● **TASK OBJECTIVE**:
Copy, word for word, the lines of the listing below from the line with "For this shot, I" up to and including the line with "近日,第二届粤港澳大湾区大学". Drop the pictures.

● **SOURCE RECORDS**:
○ ○ ○ ○ ○ ○ ○

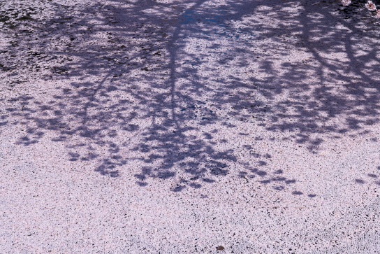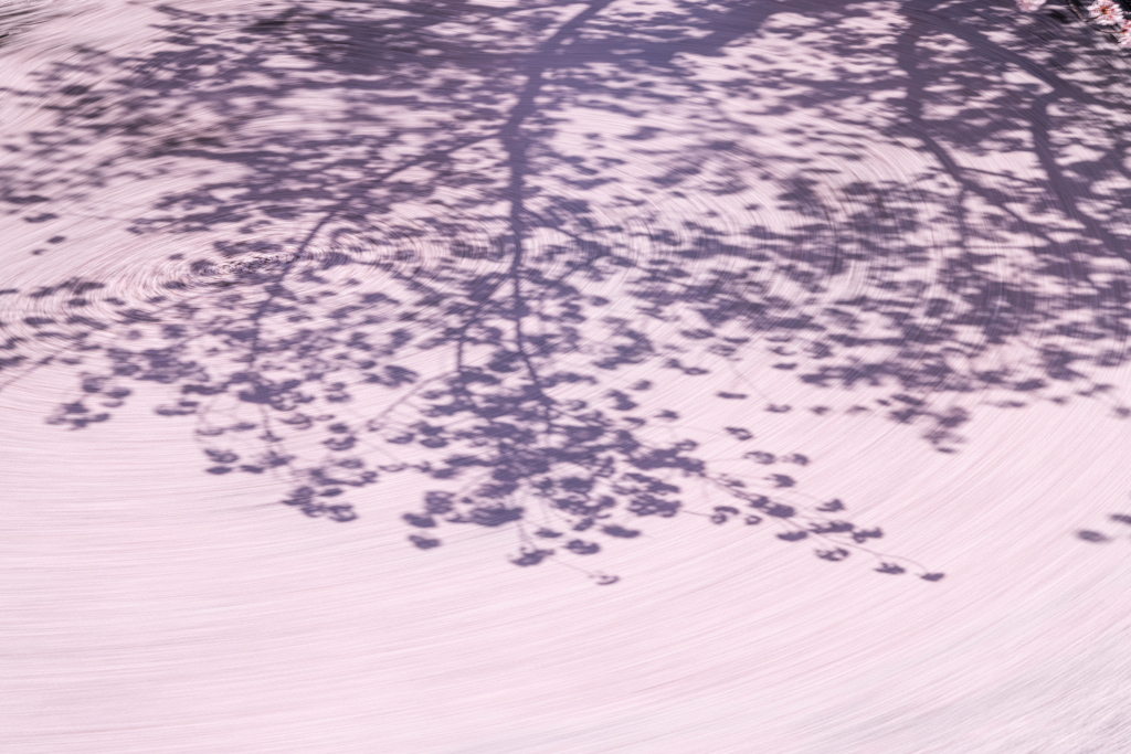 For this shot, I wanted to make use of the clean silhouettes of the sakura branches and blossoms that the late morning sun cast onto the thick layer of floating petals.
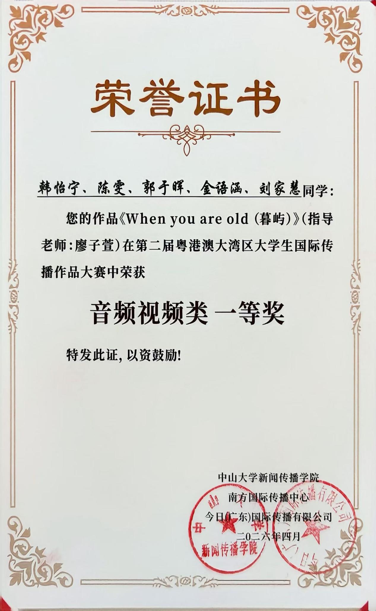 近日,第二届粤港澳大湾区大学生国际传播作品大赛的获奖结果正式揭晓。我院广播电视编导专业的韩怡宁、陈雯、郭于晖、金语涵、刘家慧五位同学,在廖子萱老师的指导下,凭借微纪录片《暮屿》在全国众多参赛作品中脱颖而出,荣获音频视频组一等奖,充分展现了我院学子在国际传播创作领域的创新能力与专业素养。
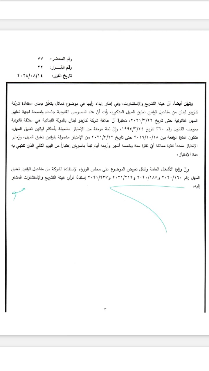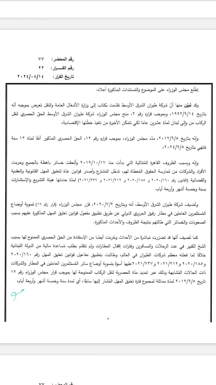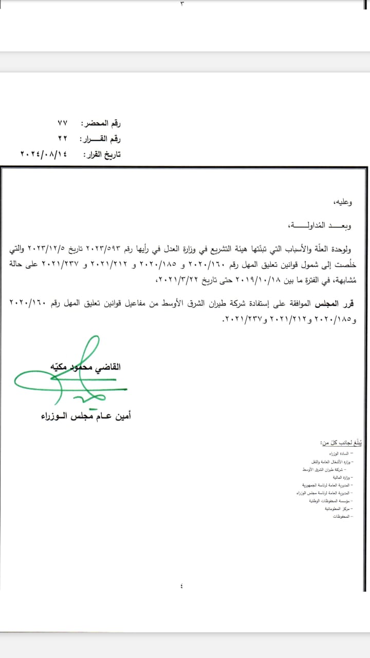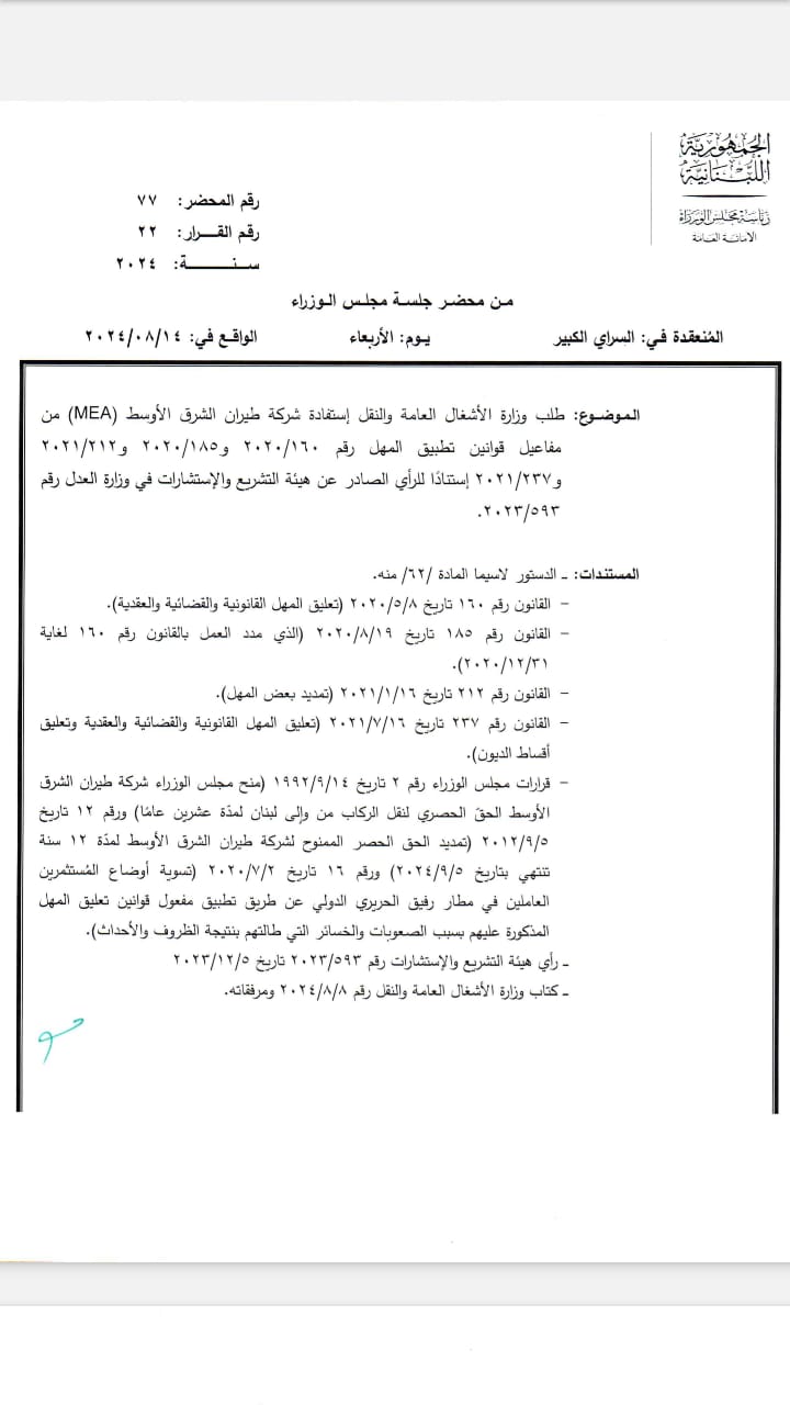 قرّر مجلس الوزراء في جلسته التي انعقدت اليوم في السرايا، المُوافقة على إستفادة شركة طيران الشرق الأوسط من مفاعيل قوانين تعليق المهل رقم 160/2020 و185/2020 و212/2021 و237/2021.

○ ○ ○ ○ ○ ○ ○

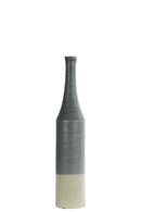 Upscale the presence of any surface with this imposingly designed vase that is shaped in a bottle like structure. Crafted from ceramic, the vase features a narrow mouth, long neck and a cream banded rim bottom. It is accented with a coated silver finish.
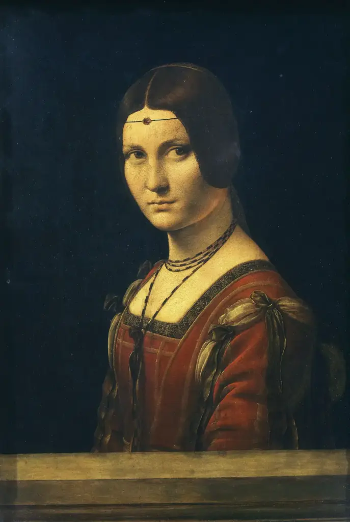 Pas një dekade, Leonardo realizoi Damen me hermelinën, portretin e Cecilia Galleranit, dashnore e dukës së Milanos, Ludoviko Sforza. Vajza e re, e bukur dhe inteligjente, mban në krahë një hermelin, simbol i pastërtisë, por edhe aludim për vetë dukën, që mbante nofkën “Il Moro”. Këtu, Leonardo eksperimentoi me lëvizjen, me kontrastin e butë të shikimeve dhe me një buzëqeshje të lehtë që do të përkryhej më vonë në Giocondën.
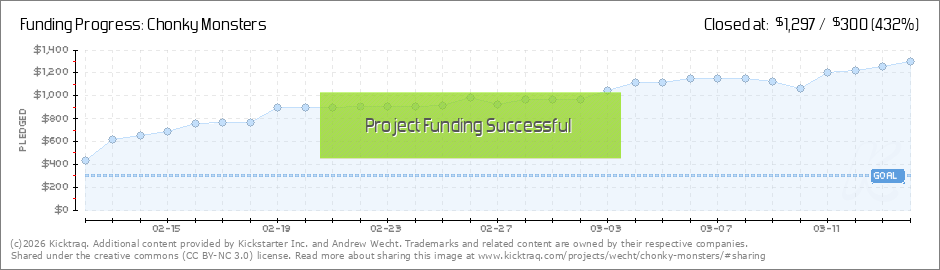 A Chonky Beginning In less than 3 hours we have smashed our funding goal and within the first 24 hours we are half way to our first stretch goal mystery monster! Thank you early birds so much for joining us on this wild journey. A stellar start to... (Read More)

○ ○ ○ ○ ○ ○ ○

● **FINISHED TASK**:
 For this shot, I wanted to make use of the clean silhouettes of the sakura branches and blossoms that the late morning sun cast onto the thick layer of floating petals.
 近日,第二届粤港澳大湾区大学生国际传播作品大赛的获奖结果正式揭晓。我院广播电视编导专业的韩怡宁、陈雯、郭于晖、金语涵、刘家慧五位同学,在廖子萱老师的指导下,凭借微纪录片《暮屿》在全国众多参赛作品中脱颖而出,荣获音频视频组一等奖,充分展现了我院学子在国际传播创作领域的创新能力与专业素养。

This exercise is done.